▶ **DATA PROVIDED**:
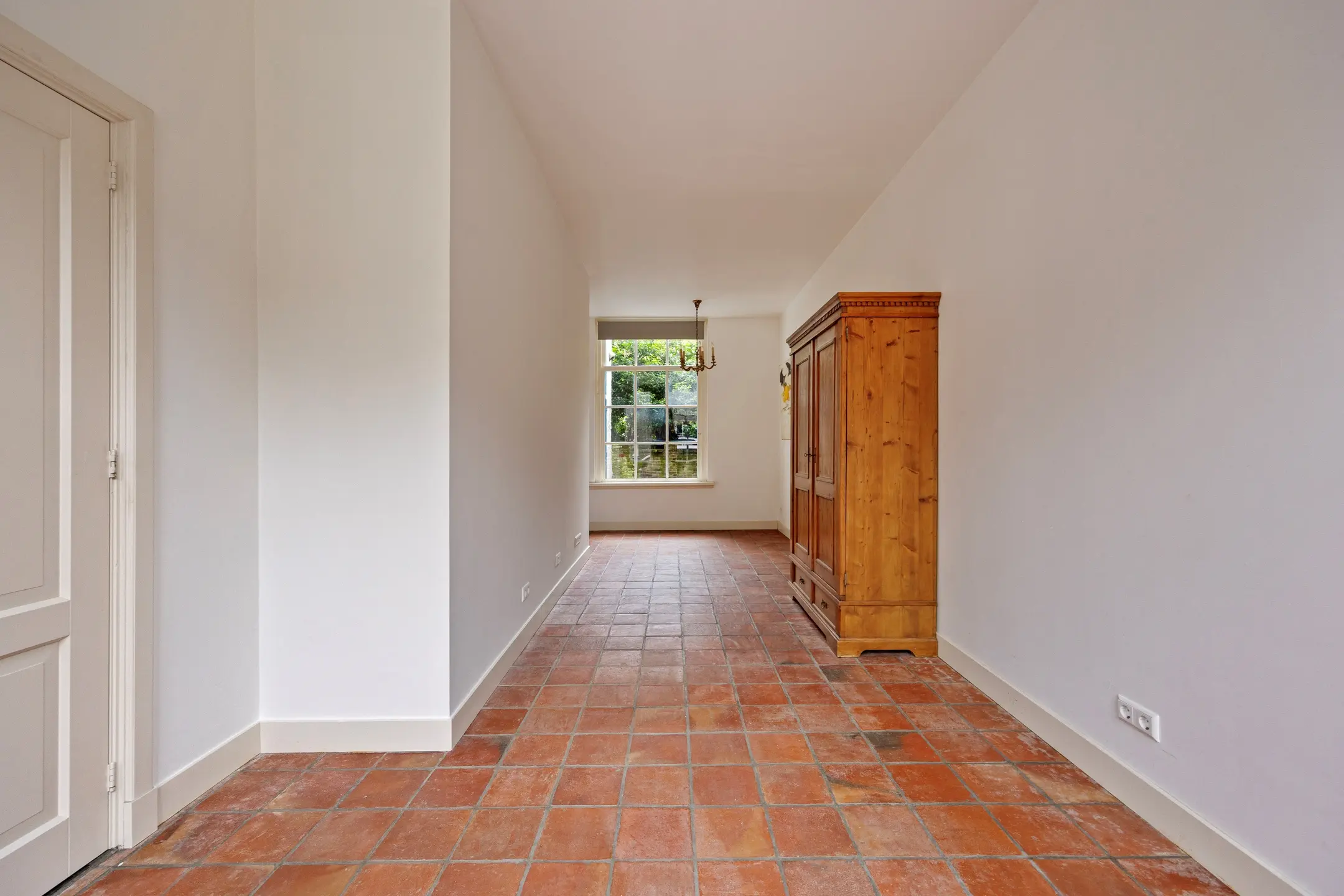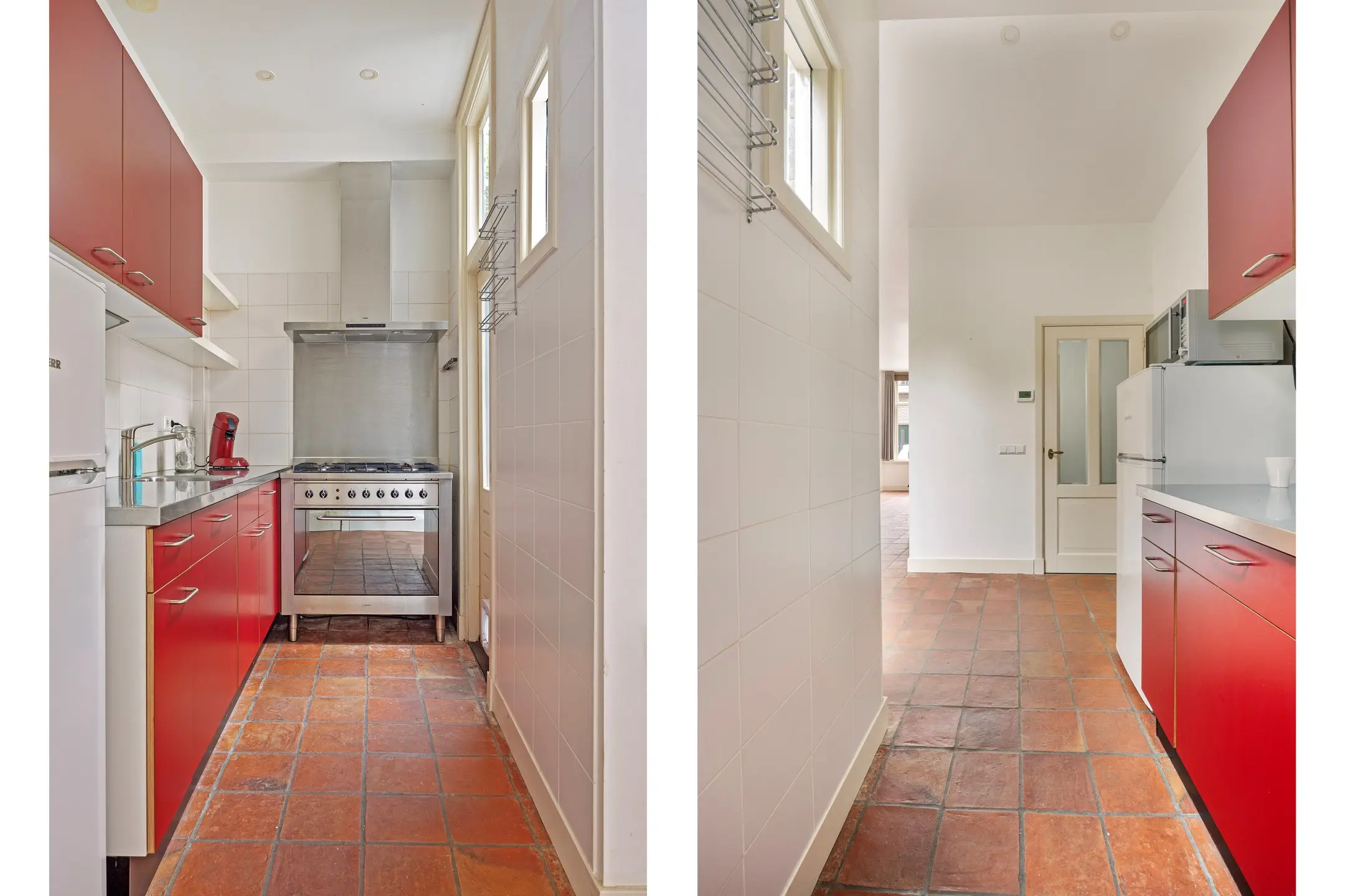 Begane grond: Entree met meterkast. Ruime hal met separaat toilet en fonteintje. Royale woonkamer met halfopen keuken voorzien van verschillende apparatuur zoals een 5-pits gasfornuis, oven, afzuigkap, vaatwasser, combi-ovenmagnetron en koel-vriescombinatie. Vanuit de keuken heeft u toegang tot de tuin van 7m2 gelegen op het westen.
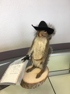 It was pouring rain when we arrived in Ketchikan, and it didn’t stop all day. We were soaked by the time we got on the tour bus, whose driver was called Helen. She was oblivious to the fact that we were cold and wet, and that the windows of the bus were so fogged up by our dampness that no one could see out of them. This kind of ruined her tour “patter” which consisted mostly of her saying stuff like “If you look out the window to the right, you can see a bald eagle” or “If you look out the window to the left, you can see a totem pole”. We were all too busy trying to wipe the windows off and shivering to see much of anything. The best part of the tour was when she took us to a totem-carving centre where they had these bizarre stuffed squirrels dressed like explorers, cowboys, and other things.
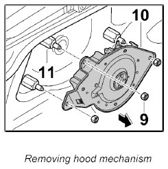 1. Unscrew fastening nuts -9-. Remove hood mechanism -10- from the studs -11-.
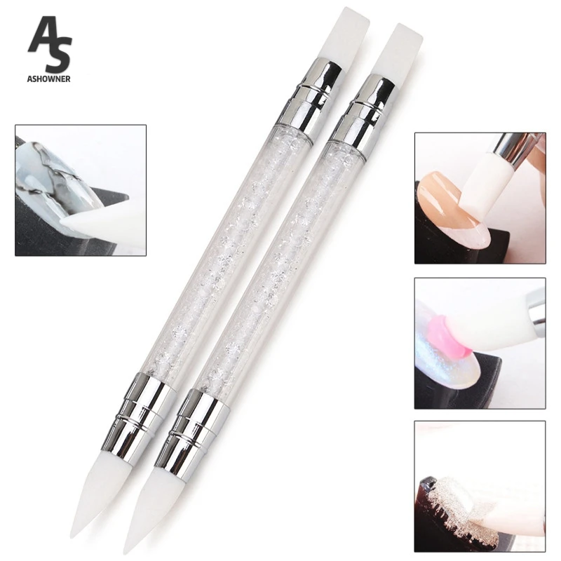 1 шт., двухсторонний дизайн ногтей, силиконовая скульптура, ручка для ногтей, инструменты для художественной резьбы, DIY живопись, блестящие стразы, акриловый маникюр
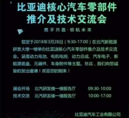 比亚迪是业内公认的电动先驱。2017年,比亚迪新能源汽车销量11.37万台,再夺冠军,但纯电动车冠军被北汽新能源夺得,销量10.32万台。3月28日,比亚迪将举行一个核心汽车零部件推介及技术交流会,推介电池、电机、电控和底盘等核心技术。有意思的是,活动地点选择在了北汽新能源研发大楼一楼。
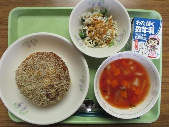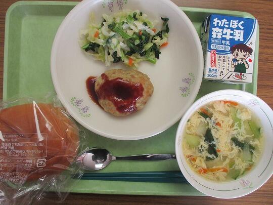 子どもパン、牛乳、ハンバーグ、コールスローサラダ、洋風かきたまスープでした。
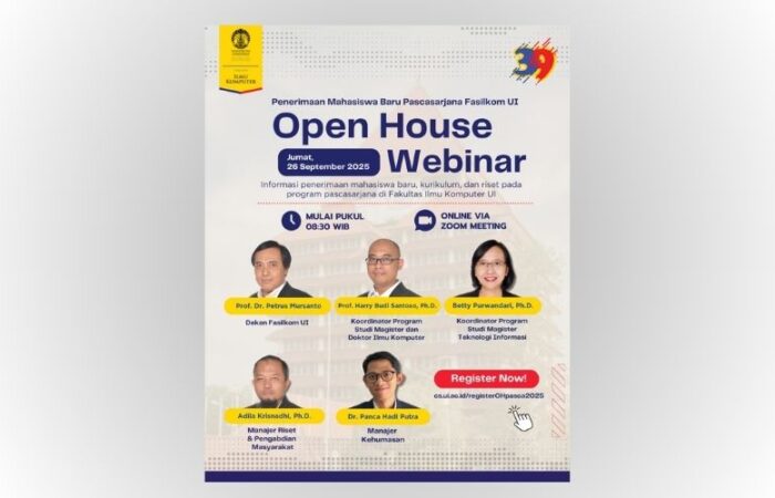 Fakultas Ilmu Komputer Universitas Indonesia menerima mahasiswa baru untuk semua program studi pada jenjang sarjana, magister, dan doktoral.
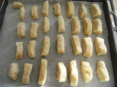 ed infine li poggiamo nella teglia da forno ricoperta di carta.
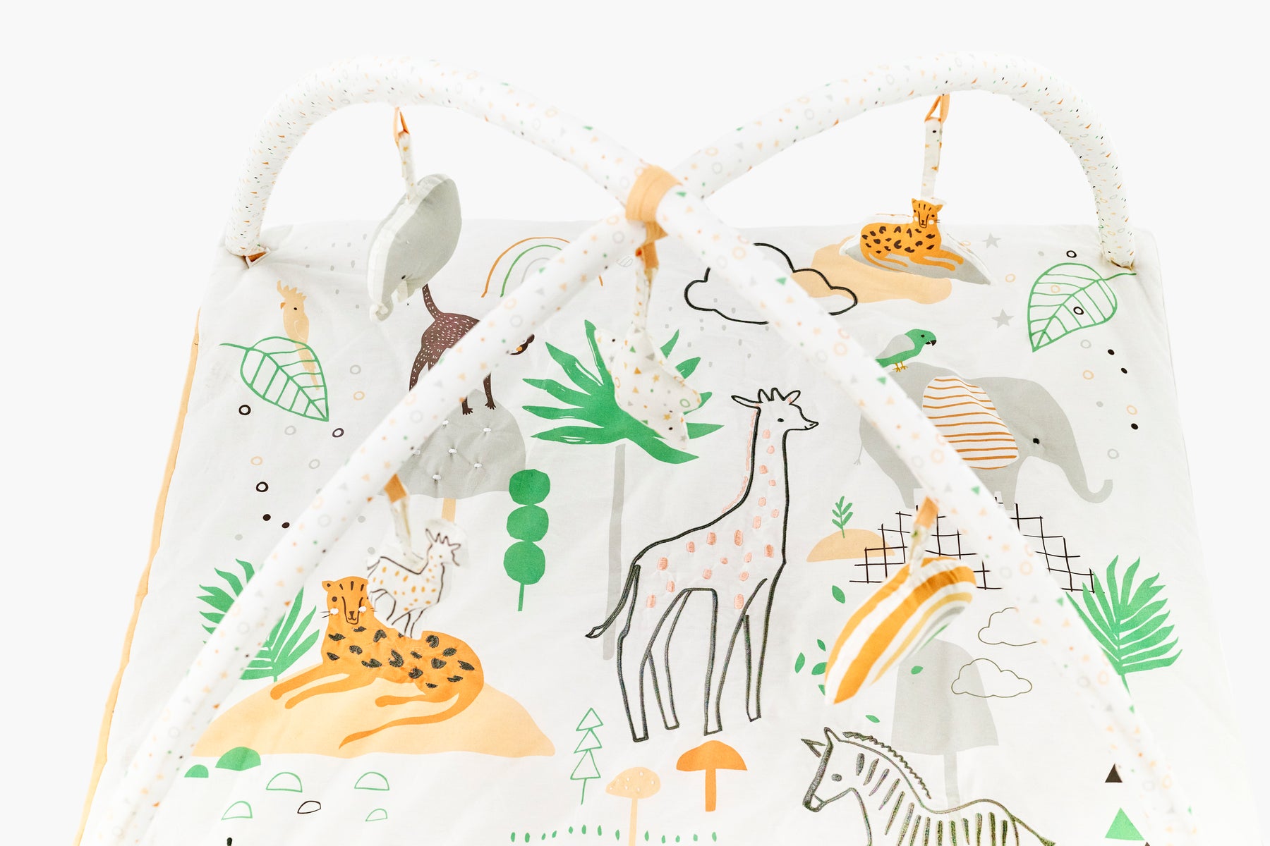 Create a calming environment for your baby's early playtime with the Jolly Jumper SweetScapes Play Gym. Combining plush, soothing fabrics with carefully designed sensory elements, this play gym offers a cushioned mat for comfort and overhead toys to stimulate visual tracking and promote hand-eye coordination. Its sophisticated neutral colours complement your nursery décor, while the smart foldable design ensures easy assembly and convenient storage.
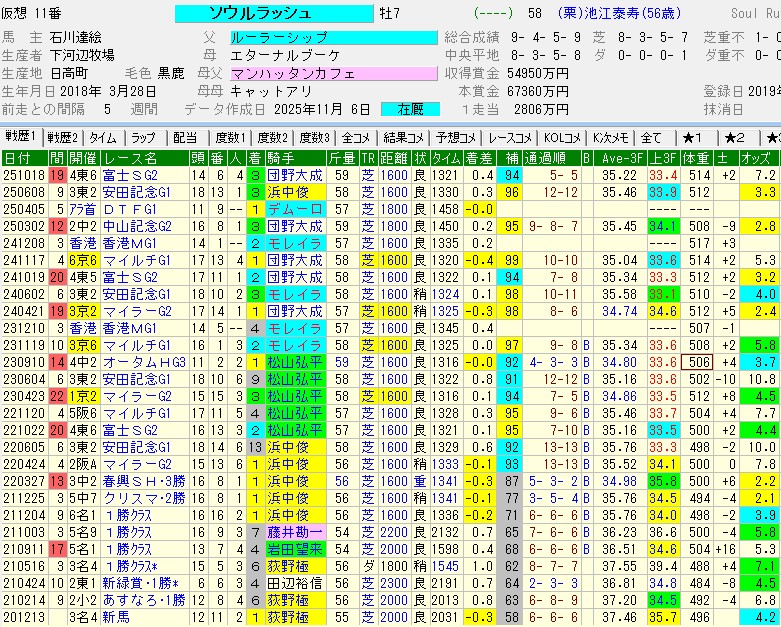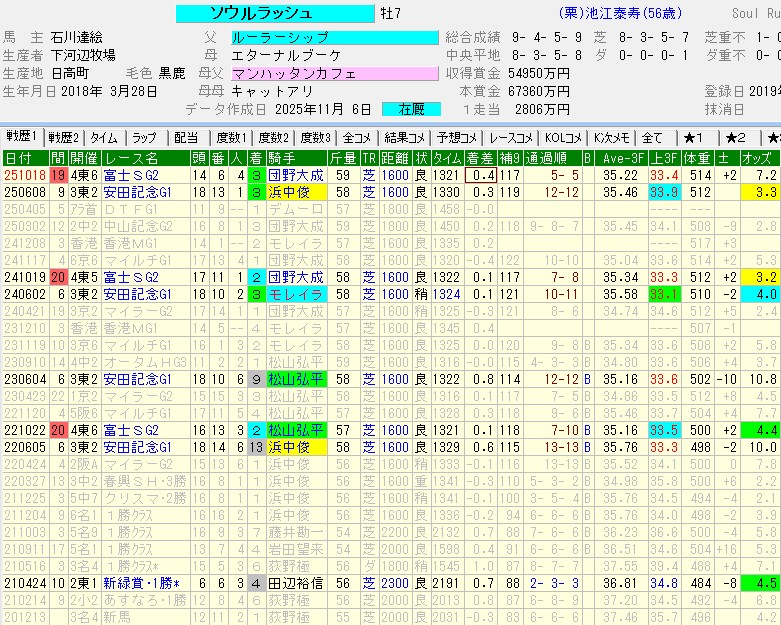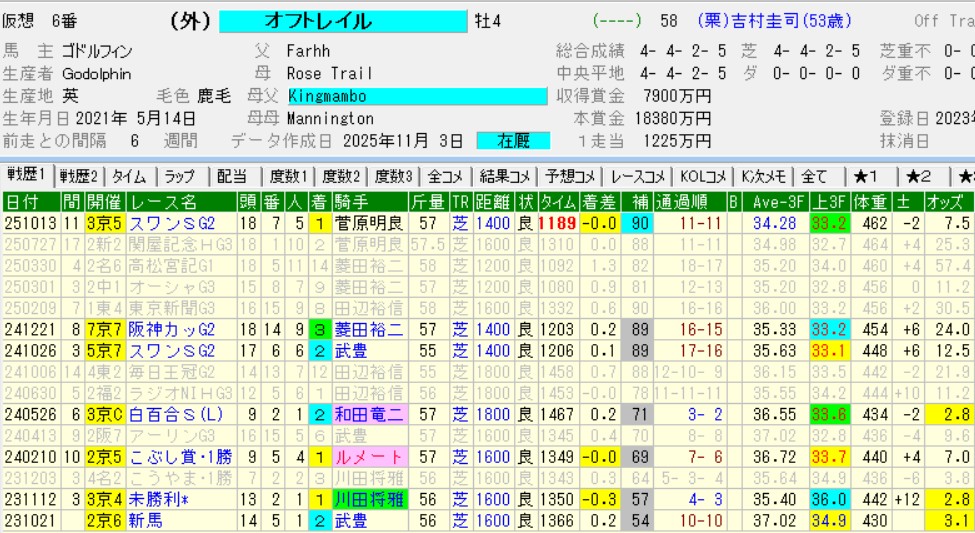 そして当方の持論である「お競馬は距離適性よりコース適性」理論にも合致。まあ近走は1200や1400で好走しているけど、1800のラジオNIKKEI賞(G3)も勝っている。
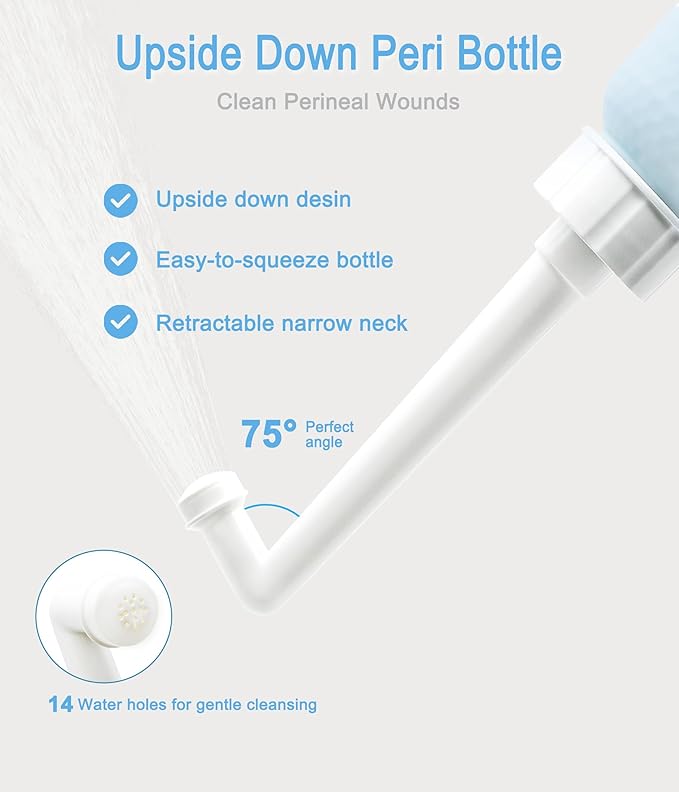- Large Capacity Upside Down Peri Bottle: No need to bend down to spray the right spot with ergonomic 75° angle labor delivery postpartum women care 500ml peri bottle, it has a long nozzle that can reach the area you want to cleanse easily, spraying yourself will be easier than hospital style bottle. Bottle lid allows for leakless water transport, easy and gentle cleansing with 14 spray holes.
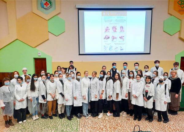 Школьникам продемонстрировали видеоролики на тему: «ГБУЗ РКБ им. Г. Г. Куватова» и «Санитарно-гигиеническая обработка рук», «Сердечно-легочная реанимация».

▶ **INSTRUCTIONS TO FOLLOW**: Write out the whole listing exactly. Pictures stay out.

▶ **RESULT FOR THIS TASK**:
 Begane grond: Entree met meterkast. Ruime hal met separaat toilet en fonteintje. Royale woonkamer met halfopen keuken voorzien van verschillende apparatuur zoals een 5-pits gasfornuis, oven, afzuigkap, vaatwasser, combi-ovenmagnetron en koel-vriescombinatie. Vanuit de keuken heeft u toegang tot de tuin van 7m2 gelegen op het westen.
 It was pouring rain when we arrived in Ketchikan, and it didn’t stop all day. We were soaked by the time we got on the tour bus, whose driver was called Helen. She was oblivious to the fact that we were cold and wet, and that the windows of the bus were so fogged up by our dampness that no one could see out of them. This kind of ruined her tour “patter” which consisted mostly of her saying stuff like “If you look out the window to the right, you can see a bald eagle” or “If you look out the window to the left, you can see a totem pole”. We were all too busy trying to wipe the windows off and shivering to see much of anything. The best part of the tour was when she took us to a totem-carving centre where they had these bizarre stuffed squirrels dressed like explorers, cowboys, and other things.
 1. Unscrew fastening nuts -9-. Remove hood mechanism -10- from the studs -11-.
 1 шт., двухсторонний дизайн ногтей, силиконовая скульптура, ручка для ногтей, инструменты для художественной резьбы, DIY живопись, блестящие стразы, акриловый маникюр
 比亚迪是业内公认的电动先驱。2017年,比亚迪新能源汽车销量11.37万台,再夺冠军,但纯电动车冠军被北汽新能源夺得,销量10.32万台。3月28日,比亚迪将举行一个核心汽车零部件推介及技术交流会,推介电池、电机、电控和底盘等核心技术。有意思的是,活动地点选择在了北汽新能源研发大楼一楼。
 子どもパン、牛乳、ハンバーグ、コールスローサラダ、洋風かきたまスープでした。
 Fakultas Ilmu Komputer Universitas Indonesia menerima mahasiswa baru untuk semua program studi pada jenjang sarjana, magister, dan doktoral.
 ed infine li poggiamo nella teglia da forno ricoperta di carta.
 Create a calming environment for your baby's early playtime with the Jolly Jumper SweetScapes Play Gym. Combining plush, soothing fabrics with carefully designed sensory elements, this play gym offers a cushioned mat for comfort and overhead toys to stimulate visual tracking and promote hand-eye coordination. Its sophisticated neutral colours complement your nursery décor, while the smart foldable design ensures easy assembly and convenient storage.
 そして当方の持論である「お競馬は距離適性よりコース適性」理論にも合致。まあ近走は1200や1400で好走しているけど、1800のラジオNIKKEI賞(G3)も勝っている。
- Large Capacity Upside Down Peri Bottle: No need to bend down to spray the right spot with ergonomic 75° angle labor delivery postpartum women care 500ml peri bottle, it has a long nozzle that can reach the area you want to cleanse easily, spraying yourself will be easier than hospital style bottle. Bottle lid allows for leakless water transport, easy and gentle cleansing with 14 spray holes.
 Школьникам продемонстрировали видеоролики на тему: «ГБУЗ РКБ им. Г. Г. Куватова» и «Санитарно-гигиеническая обработка рук», «Сердечно-легочная реанимация».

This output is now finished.